General questions regarding login scripts.
Basically, I'm making my own Realistic challenge of sorts to familiarize myself with the different methods of SQL and javascript injection The problem is, my canvas of sorts isn't responding in any way shape or form and I don't know if it's because it's invulnerable or if I'm just using the wrong methods, is there anyone I can PM to point me in the right direction as to what method to attempt?
post your code, then we can help you better here's a simple example of injectionable profile page.
$id=$_GET['id'];
if($id){
$link=mysql_connect('host','username','password') or die("Could not connect to server");
mysql_select_db('test',$link) or die("Could not select database.");
$query="SELECT username, email FROM `users` WHERE `id`=".$id.";";
$result=mysql_query($query);
$row=mysql_assoc_fetch($result);
mysql_close($link);
?>
<html>
<head>
<title>SQL Injection test page</title>
</head>
<body>
<table>
<tr><td>Username:</td><td><?PHP echo $row['username'] ?></td></tr>
<tr><td>Email:</td><td><?PHP echo $row['email'] ?></td></tr>
</table>
</body>
</html>
<?PHP
}else{
echo "No user selected.";
}
?>
mysql> select column_name from columns where table_name='users';
+-------------+
| column_name |
+-------------+
| id |
| uname |
| pword |
| id |
| username |
| email |
| password |
+-------------+
7 rows in set (0.00 sec)
sure you can work out what the columns are made up of.
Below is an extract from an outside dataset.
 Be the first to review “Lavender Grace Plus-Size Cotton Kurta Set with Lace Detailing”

this uses mysql_assoc_fetch, a while loop would be more realistic (typical lazy coder reusing code) and would make this much funner to exploit.
Ardennes wrote: Basically, I'm making my own Realistic challenge of sorts to familiarize myself with the different methods of SQL and javascript injection
…
Not my code, it's a website I frequent. Wait… what? So you're making a challenge using code from a website you frequent that you don't have access to which you're trying to get access to by using techniques that you've put into it by not having access to it? Am I crazy, or does someone need to do a little rewording to get his point across?
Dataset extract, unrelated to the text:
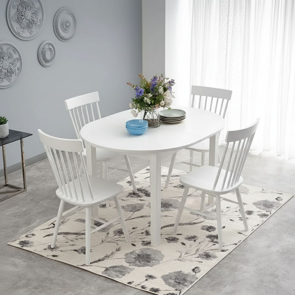 Ten je chytrým řešením do menších jídelen, kde občas čekáte návštěvy. Deska má v nerozloženém stavu tvar kruhu o průměru 102 cm, v případě potřeby ale stůl snadno přídavnou deskou prodloužíte na 142 cm. Těmito rozměry je ideální pro 4-6 osob.

Futility wrote: [quote]Ardennes wrote: Basically, I'm making my own Realistic challenge of sorts to familiarize myself with the different methods of SQL and javascript injection
…
Not my code, it's a website I frequent. Wait… what? So you're making a challenge using code from a website you frequent that you don't have access to which you're trying to get access to by using techniques that you've put into it by not having access to it? Am I crazy, or does someone need to do a little rewording to get his point across?[/quote]
I think he wants to know what to do with a login page on a site he intends to hack.
Then why mention the "Realistic challenge of sorts"? Unless he was trying to trick us by pretending to do something honest so that we could unknowingly fuel his misdeeds.
This is what I was afraid of and merely suggested he rephrase the question in a way that didn't imply a negative prerogative.
Unless I'm misreading something, of course. I tend to be quite stupid on occasion.
I wanted a "realistic challenge" where I couldn't go read a bunch of articles written specifically for it to hold my hand, but I've hit a dead end in regards of even what to try. There isn't really much else I can say to convince you that there isn't a "LOLZ HOW I HACK TO DESTROY STUFF" request, but I assure you it's not.
read a white paper on sql injection? then apply that to the page coded above.
If you already know how to use SQL with php, you just need to see what tricks can be used just look at a cheat sheet.
If you've ever used sql then it'll be clear how they work. SQL injection isn't black magic, if you know what you're doing then it's really simple.